Well, the headline pretty much sums up this leg of our journey. After flying out of Schipohl Airport in Amsterdam and landing in Oslo, Norway, Sarah and I were immediately shocked by the horrendously high prices — $8 USD tall Americano at Starbucks? But…why?

We had prepared ourselves for the unpreventable blow to our wallets due to crazy high prices, but we we didn’t expect all of the extra fees we would have to pay. We had to take a train from the airport to Oslo’s central train station ($25 USD for adults, $12 for students if you remember your student ID!) and then from the train station take another street car to our hostel. We decided to forgo the second train and go by foot.

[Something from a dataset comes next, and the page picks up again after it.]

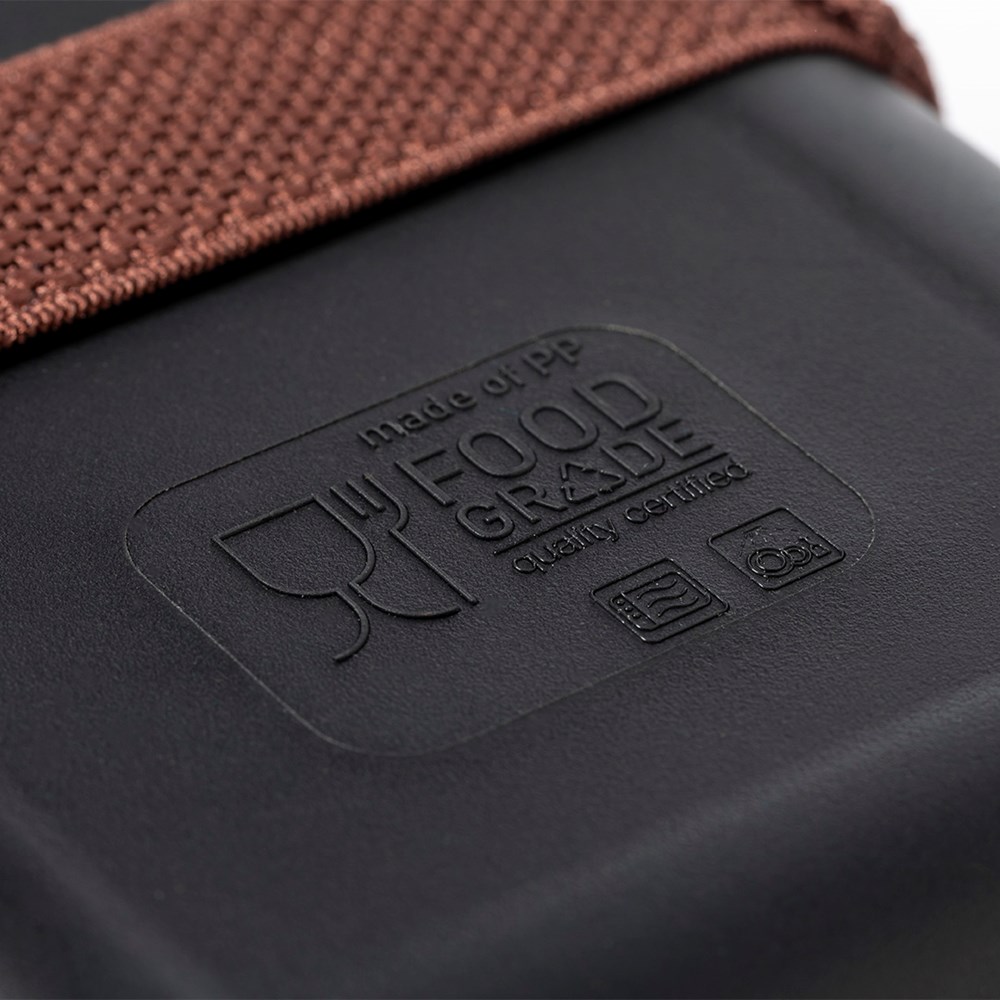 1l Brotdose aus widerstandsfähigem BPA-freiem PP-Kornmaterial, mit Bambusdeckel. Elastisches Sicherheitsband auf dem Deckel und Food Grade-Zertifizierung, die die Sicherheit beim Kontakt von Lebensmitteln mit dem zur Herstellung des Produkts verwendeten Material garantieren.

As we wandered through the streets, looking for our hostel, I took in the sights around me. Pained as I was by the high prices, I will admit Oslo is a beautiful city. The buildings stood tall and dark, and something about the architecture screamed power. The wide streets accommodated hoards of pedestrians, cars, buses and trains, but somehow the chaos seemed orderly, purposeful. Though the city is located right on the coast, there was no beachy vibe, rather an industrial, highly urbanized one. It was a place of productivity. And the people were tall, good-looking and surprisingly diverse in appearance.

oslo_1oslo_2oslo_3

After a few wrong turns and a lot of “Didn’t we already pass this?” we spotted Anker Hostel. Again we were taken aback by the expenses. We had to pay for our linens (about $7 USD each) and were told kitchen supplies were to be rented from the front desk with a deposit of 100 NOK (or $15 USD) for three hours.

Welcome to Norway.

We were pleasantly surprised by our room, however. We had an incredibly spacious private room with a private bath, a large wardrobe, a coffee table with two chairs, and big bright, windows. But the best part was the full kitchen, equipped with stove, sink and mini-fridge, and a dining room table. We squealed with delight at the sight. With these amenities, we could avoid high prices at restaurants and cook our own meals – which is exactly what we did.

After settling in, we headed out to figure out the transportation system and find a grocery store. We struggled with both – from discerning which tickets maximized our budget to time ratio, to finding a grocery store that was open past 6 p.m. (weird), but we finally succeeded in both.

We made a healthy dinner of chicken and salad that night with our rented utensils from the hostel and headed to early. So far, Oslo was beautiful, but it seriously was a pain in my wallet.